A best-selling Canadian author of 14 books on economic trends, real estate, the financial crisis, personal finance strategies, taxation and politics. Nationally-known speaker and lecturer on macroeconomics, the housing market and investment techniques. He is a licensed Investment Advisor with a fee-based, no-commission Toronto-based practice serving clients across Canada.

Will the federal budget blow up HELOCs? What a surprise that would be to three million little debt-snorfling voters.

Big fanfare this week for a new report by a federal agency that frets over people’s finances. Needless to say, they have a lot to worry about. Most of us are basket cases when it comes to money. Almost half couldn’t survive missing just a paycheque or two. Nine in ten haven’t maxed their TFSAs. Family debt tops $2 trillion – bigger than the entire economy. Mortgage loans shot higher last year even though house prices went down. Quelle mess.

Home equity lines of credit have been the hottest banking product of the last decade. No wonder. People have stored most of their net worth in a single asset – their houses. So far we’ve borrowed more than $300 billion against residential real estate, half of it spent on the same properties, to finance renos. This doubling down is insane, of course, when home values have peaked and interest rates are rising. But, there ya go. More for Ottawa to worry about.
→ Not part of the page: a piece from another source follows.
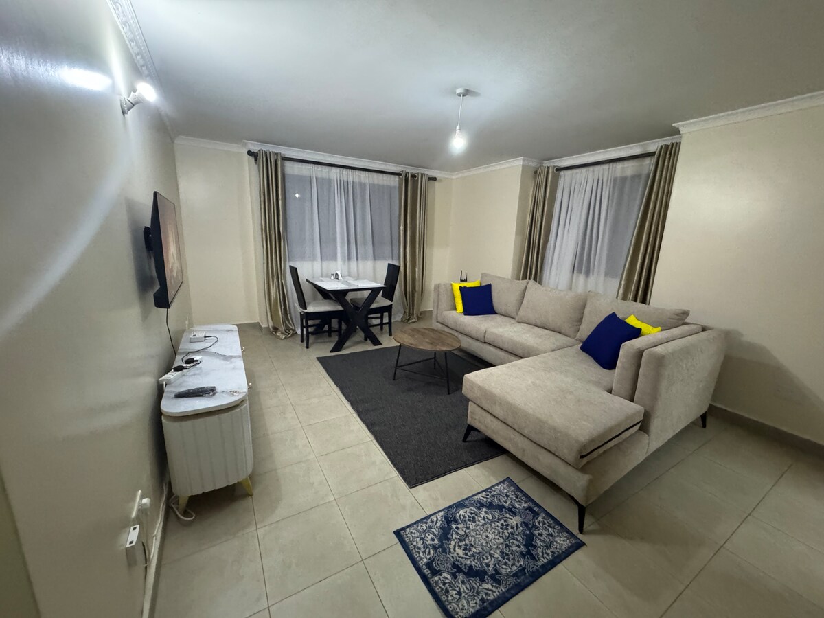 One bedroom apartment in AlphaOne Apartments that guarantee a modern, peaceful and spacious feel.MySpacebyAlpha one is fully serviced,well light at the top floor of the building with some custom made furniture.Ample parking is available within the building with 24hr security inclusive of a perimeter wall and electric fence.A sofa bed is also available

The new report confirmed what this blog reported last year – a quarter of all the HELOCers are paying nothing on their loans. Only interest. And most of them are using the lines themselves to get the interest money itself – so the debt keeps expanding until it hits the limit. The feds also found half of Canadians have no clear idea how these lines work or the risks involved.
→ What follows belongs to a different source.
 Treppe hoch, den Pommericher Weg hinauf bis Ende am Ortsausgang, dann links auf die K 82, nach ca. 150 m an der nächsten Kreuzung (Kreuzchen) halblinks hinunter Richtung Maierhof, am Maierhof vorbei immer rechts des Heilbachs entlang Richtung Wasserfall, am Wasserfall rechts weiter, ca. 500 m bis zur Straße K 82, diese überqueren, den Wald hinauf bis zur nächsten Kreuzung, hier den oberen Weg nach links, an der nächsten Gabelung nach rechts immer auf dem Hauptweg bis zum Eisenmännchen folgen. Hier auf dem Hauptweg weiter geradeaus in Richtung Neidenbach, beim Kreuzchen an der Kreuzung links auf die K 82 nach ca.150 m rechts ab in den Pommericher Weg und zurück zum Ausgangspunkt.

And, yes, the dangers are real.

HELOCs are demand loans. The bank can call you any day of the week and demand the thing be repaid. If real estate crashes or your financial situation hits the skids, that phone call is not so unlikely. And home lines of credit are almost always variable – so every time the Bank of Canada raises its benchmark rate, your borrowing cost goes up. (There are two more increases expected in 2019.) Lenders can also decrease your line’s limit arbitrarily – which sucks since a third of all borrowers say they often or always use HELOC money to make other debt payments.

So every year more people with houses borrow against them, and the HELOC balloon grows. Currently about $100 billion is not being paid off – at all. Meanwhile the cost of carrying all this debt has increased substantially over the last year, in which the central bank jacked rates three times. Home equity lines have turned into quasi-mortgages, a form of debt which will typically last decades or maybe forever – draining off cash flow and eroding real estate equity.

So why do people do this?

Simple. HELOCs are like me – seductive and irresistible, but dangerous when abused. They’re also cheap – prime plus a half for most borrowers. Banks dole them out like lollipops – up to 65% of the equity in a home can be borrowed. They’re open – no term – and can be borrowed against or paid off at any time without penalty. And if you use the money to invest, the interest may be deducted from taxable income. But, sadly, since three-quarters of folks take the money for renos or debt payments, they entirely miss this benefit. Once again, financial illiteracy on full display. No wonder most people live on the edge. By the way, Ottawa’s survey also revealed those aged 25-34 would seriously struggle if their monthly payment increased by just a hundred bucks.

Bankers have been routinely offering people equity-based lines when they take out mortgages. Yep, debt and more debt. Plus there are financial products increasing the limit on a HELOC as the principal on a mortgage is reduced. So overall indebtedness never really falls – you just swap a fixed-rate, stable borrowing for a demand, variable-rate one. No wonder Bay Street loves this stuff.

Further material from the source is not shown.